Based on his first year as mayor in Dawson Creek, Kruk agreed.

"I certainly hear from people. They're not shy about stopping me at the Safeway and saying, 'You know, what the hell gives with this?'"

"At this level people perceive us as a bit more available. We directly affect them."

Getting off the grid

In last week's throne speech, Campbell further announced that he wants B.C. to be self-sufficient in terms of electricity by 2016.

Forty minutes north of Vancouver in the 1,400-resident village of Anmore, Mayor Hal Weinberg has already been working to make that target a reality for the last five years.

Anmore is building a state-of-the-art renewable energy centre, something that might well become a feature in towns and cities across the province and around the world.

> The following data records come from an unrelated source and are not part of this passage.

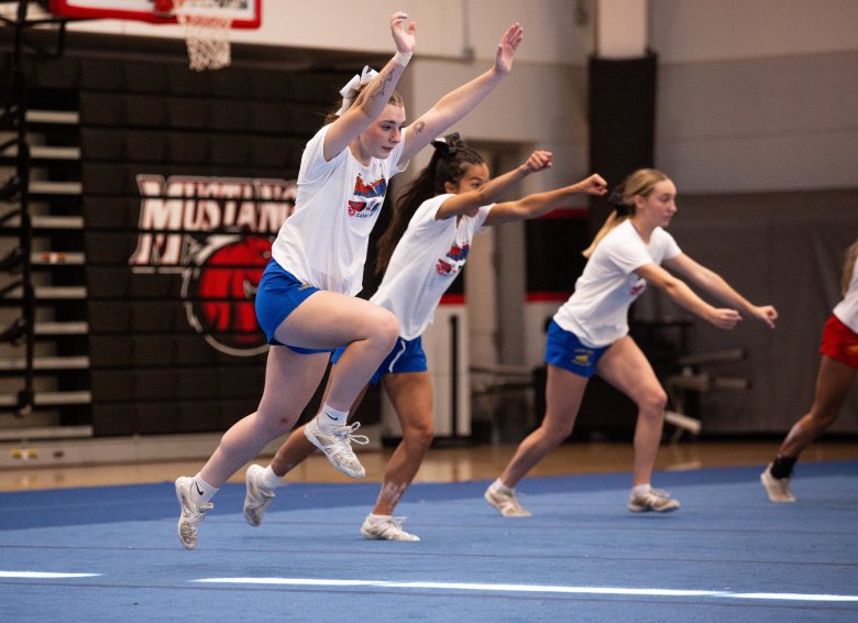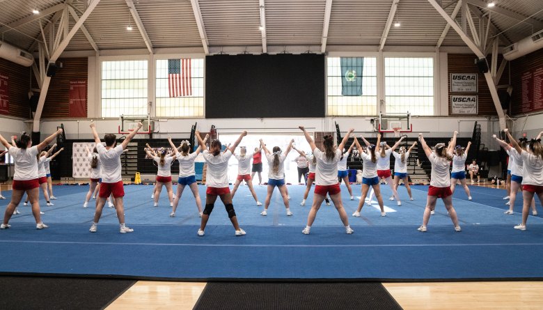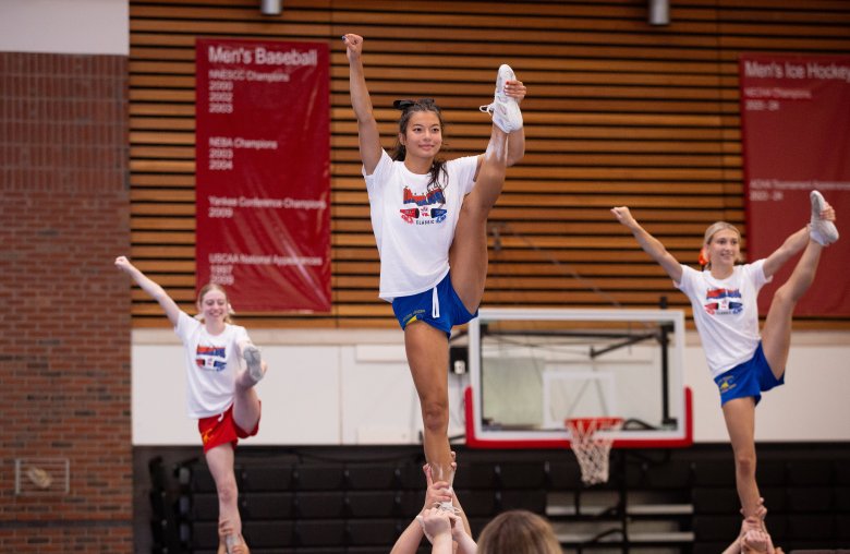 Cheerleaders from across the state are living in dorms at Central Maine Community College in Auburn this week to learn new stunts and routines for Saturday’s Lobster Bowl.
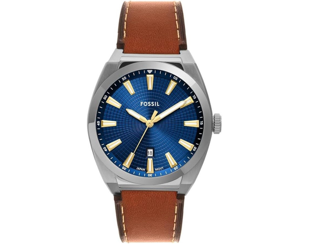 Quartz Man Wristwatch Fossil Everett FS6115 with Stainless steel case, with diameter 42 mm, Blue dial and Brown Leather band.
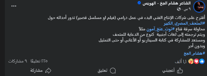 وكتب الشاعر خشام الجخ، منشورا، يعلن خلاله استعداده عن تقديم فكرة عمل فني عن المتحف المصري، وفقا لما رصده موقع تحيا مصر، عبر صفحته الرسمية على موقع التواصل الاجتماعي فيسبوك، قال فيه: أقترح على شركات الإنتاج الفني البدء في عمل درامي (فيلم او مسلسل قصير) تدور أحداثه حول المتحف المصري الكبير، محاولة سرقة قناع توت عنخ آمون مثلاً، ويتم ترجمته إلى لغات أجنبية كنوع من الدعاية للمتحف، ومستعد للمشاركة في كتابة السيناريو أو الأغاني أو حتى التمثيل، وبدون أجر.
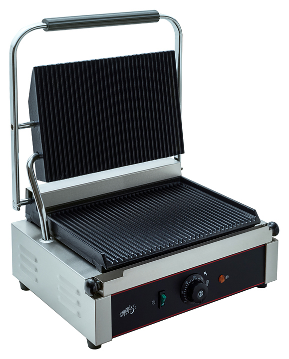 Прижимной гриль Crazy Pan CP-CG34R предназначен для жарки, быстрого приготовления и разогрева блюд из мяса, рыбы, птицы и полуфабрикатов на предприятиях общественного питания и торговли. Модель оснащена терморегулятором и 2 ТЭНами. Корпус выполнен из нержавеющей стали, рабочая поверхность имеет антипригарное покрытие. Дополнительные характеристики:
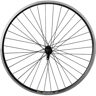 Typ 28" přední Ráfek NEXELO Al 622x19mm, dvoustěnný, broušený Náboj Al rychloupínací Ložiska Průmyslová Barva drátů Chromová Niple Mosaz...
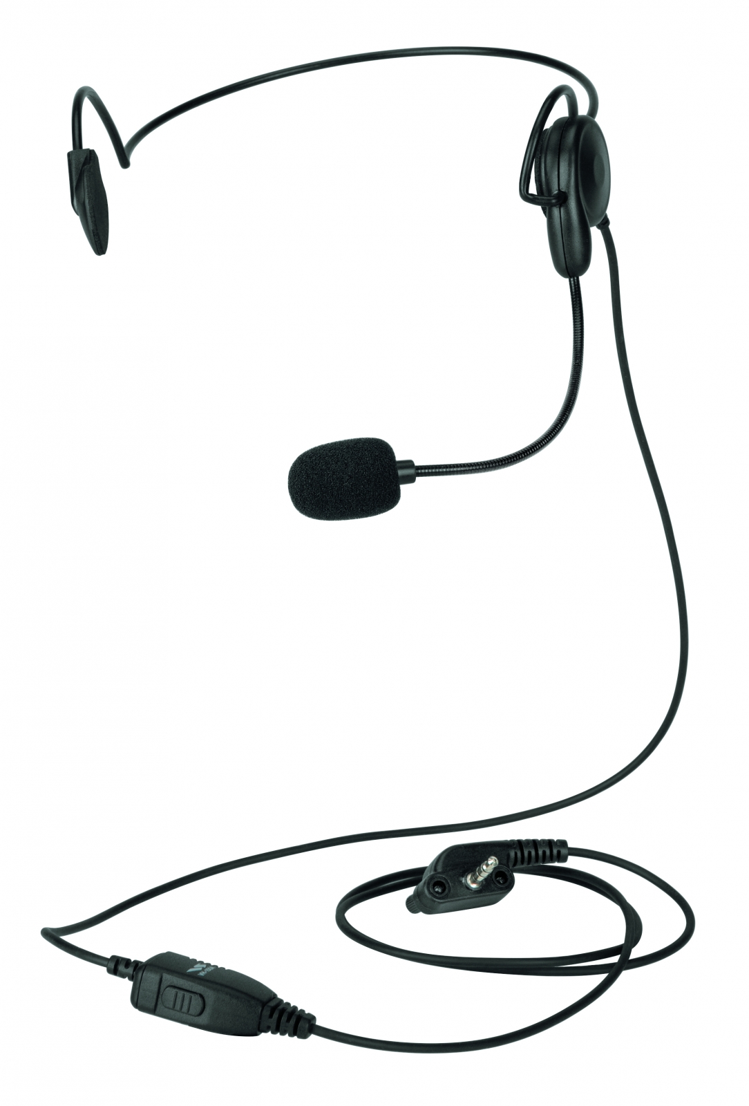 Гарнитура с оголовьем через затылок и микрофоном на штанге
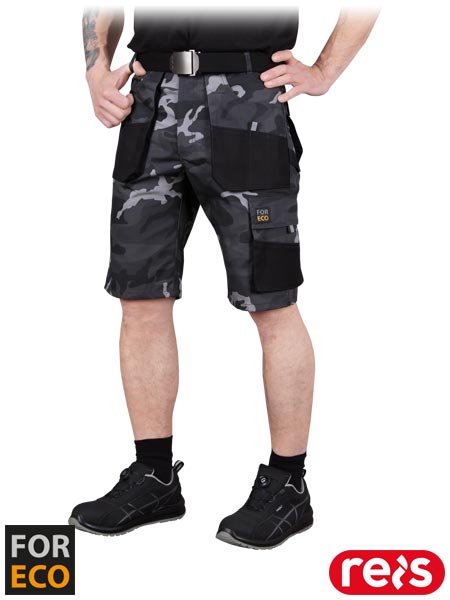 Spodnie ochronne do pasa z krótkimi nogawkami, męskie.- materiał główny: tkanina 80% poliester, 20% bawełna o gramaturze 260 g/m2- wstawki: tkanina 100% poliester Oxford 600D o gramaturze 200 g/m2- zapinane na guzik oraz zamek błyskawiczny- dwie podwójne kieszenie boczne z przegródkami oraz dwie tylne zapinane na rzep- dwie podwójne kieszenie na nogawkach, w tym jedna podłużna- gumka w pasie w bocznych partiach umożliwiająca lepsze dopasowanie- dodatkowa szlufka na akcesoria zapinana na rzep- końcówka do przypięcia kluczy- uchwyt na młotek na lewej nogawce- odblaskowe elementy zwiększające widoczność- fason: REGULAR- testowane na zawartość szkodliwych dla zdrowia substancji zgodnie ze standardami OEKO-TEX® Standard 100

Along with a consortium of universities, federal and provincial governments and B.C. Hydro, Weinberg is spearheading a ground-breaking experiment that will combine wind, solar and hydro energy to produce electricity -- in addition to a form of hydrogen used for cleaner-burning internal combustion engines. The design of a control system to handle multiple sources of renewable energy hasn't been done in a micro-scale project like this before.

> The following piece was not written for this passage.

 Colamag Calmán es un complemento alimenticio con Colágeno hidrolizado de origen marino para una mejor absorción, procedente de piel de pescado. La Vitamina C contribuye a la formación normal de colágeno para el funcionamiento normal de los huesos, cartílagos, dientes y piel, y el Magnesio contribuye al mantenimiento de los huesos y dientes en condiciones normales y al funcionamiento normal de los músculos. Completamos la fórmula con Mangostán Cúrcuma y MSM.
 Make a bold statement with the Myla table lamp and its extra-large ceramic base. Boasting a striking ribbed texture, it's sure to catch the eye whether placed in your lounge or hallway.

En route to a conference and speaking by phone from Salt Lake City, Weinberg described the rationale behind the project.

"The whole idea was to try to demonstrate how small municipalities can produce electricity for the purpose of decentralizing electricity production throughout the province as a whole," he said.

"Everybody talks about 'green energy,' and they're usually talking about these big huge operations. But our idea is that practically every small municipality in the province can actually produce electricity."

"If they could dump it into the grid, that could have a huge impact."

Especially when one takes into account the following target, which was also set in the throne speech: "All new and existing electricity produced in B.C. will be required to have net zero greenhouse gas emissions by 2016."

Big-picture investment

The launch of Going for Green also marks the launch of the Columbia Institute's Centre for Civic Governance, a supportive hub for people like Kruk and Weinberg that will conduct research and share best practices in an effort to enhance sustainability projects in towns across the province.

The centre will bring together experts from a wide field of expertise, including prominent land-use NGO Smart Growth B.C. and former B.C. premier Mike Harcourt, who will be an honorary chairperson.

Beresford noted that school boards are also a vital part of the push. She claimed, for example, that in Burnaby sustainable design principles have been incorporated that have boosted students' performance and school attendance.

Back in Dawson Creek, on top of his other files, Mayor Kruk is also wrapped up with solar power through his involvement with the B.C. Sustainable Energy Association, which aims to get solar water heaters into 100,000 B.C. households.

Yet when it comes to megaprojects like these, Kruk says communities can only do so much before higher levels of government need to step forward, and bring industry and investment along with them.

"If we incorporate 100,000 solar roofs across the province, who is going to produce those solar panels? We [in Canada] have an entire industry that needs to be developed."

Beresford agreed. "Leaders on the ground," she said, "need some other help."

Reshaping car culture

Much of this has to do with infrastructure for crucial projects such as transit. To put things in perspective, 40 per cent of B.C.'s carbon emissions come from transportation, mainly cars.

"Those are such big dollars that funds have to come from other levels of government."

Nevertheless, Kruk is glad to be hearing a different tune being sung in Ottawa and Victoria.

"I applaud the throne speech," he said. "It's an ambitious project that they've got going."

Whether or not governments will put their money where their mouth is remains to be seen, but regardless Kruk says that since his city started taking matters of climate change into its own hands, things have been changing.

"It's been building our sense of community and that's something I think is vitally important," he said. "I think there's a renewed optimism, and enthusiasm and confidence in our future."